Sissel Grude

Personal information
- Date of birth: 17 February 1967 (age 58)
- Place of birth: Ålgård, Norway
- Position(s): Forward

Senior career*
- Years: Team / Apps / (Gls)
- –1984: Ålgård FK
- 1984–1989: Klepp IL /  / (46+)
- 2011: Klepp IL B / 1

International career^{‡}
- 1988–1989: Norway / 14 / (9)

= Sissel Grude =

Norwegian footballer and coach (born 1967)

Sissel Grude (born 17 February 1967) is a Norwegian former footballer, who made 14 appearances for the Norway women's national football team. At club level, she played for Norwegian teams Ålgård FK and Klepp IL.

==Club career==
Grude played for Ålgård FK in the Norwegian 2. divisjon. In 1984, she was part of the Ålgård team that lost the regional Rogaland Cup Final 6–3 to Klepp IL. It was Grude's final match for Ålgård, as she signed for Klepp later in 1984. Grude scored 12 goals for Klepp in the 1987 1. divisjon, as Klepp won the league. She scored 16 goals in the 1988 1. divisjon, and 18 goals in the 1989 1. divisjon. She scored two goals in the 1989 Norwegian Women's Cup Final, as Klepp beat Trondheims-Ørn 2–1 to win the competition.

Grude retired from football in Autumn 1989, at the age of 22. In 2011, she returned to Klepp as a coach, focused on training the team's strikers. She also made one appearance for the Klepp B team.

==International career==
At international level, Grude made 14 appearances for the Norway women's national football team, scoring nine goals. She was not selected for the 1987 European Competition for Women's Football, despite having trained with the national team earlier in the season. She was part of the Norway team that won the 1988 FIFA Women's Invitation Tournament, beating Sweden 1–0 in the final. Her debut cap came in the 1–0 quarter-final win over the United States on 8 June 1988, as a 71st-minute substitute (matches were 80 minutes long) for Linda Medalen.

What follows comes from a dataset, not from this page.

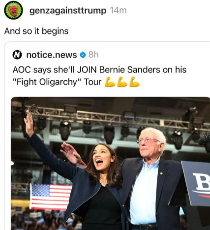 The Bernie-AOC tour is great! However, I am truly alarmed that the dems have caved in and will vote for the CR. Schumer is a terrible leader - his public speaking is embarrassing, he has no fire and is not inspiring. He should rally the dems to vote no and blame the repubs. But, alas the dems have a problem with direct messaging and so are fearful it will backfire because they can't communicate their case for not surrendering what little power they have left.

She scored two goals at the 1989 European Competition for Women's Football, making her the tournament's joint top scorer alongside Ursula Lohn of West Germany. She also scored two goals in the qualifying knockout stages, and that joint total of four goals was matched only by Lena Videkull of Sweden. Norway finished as runners up to West Germany in the tournament, and Grude scored Norway's only goal in the final, where they lost 4–1.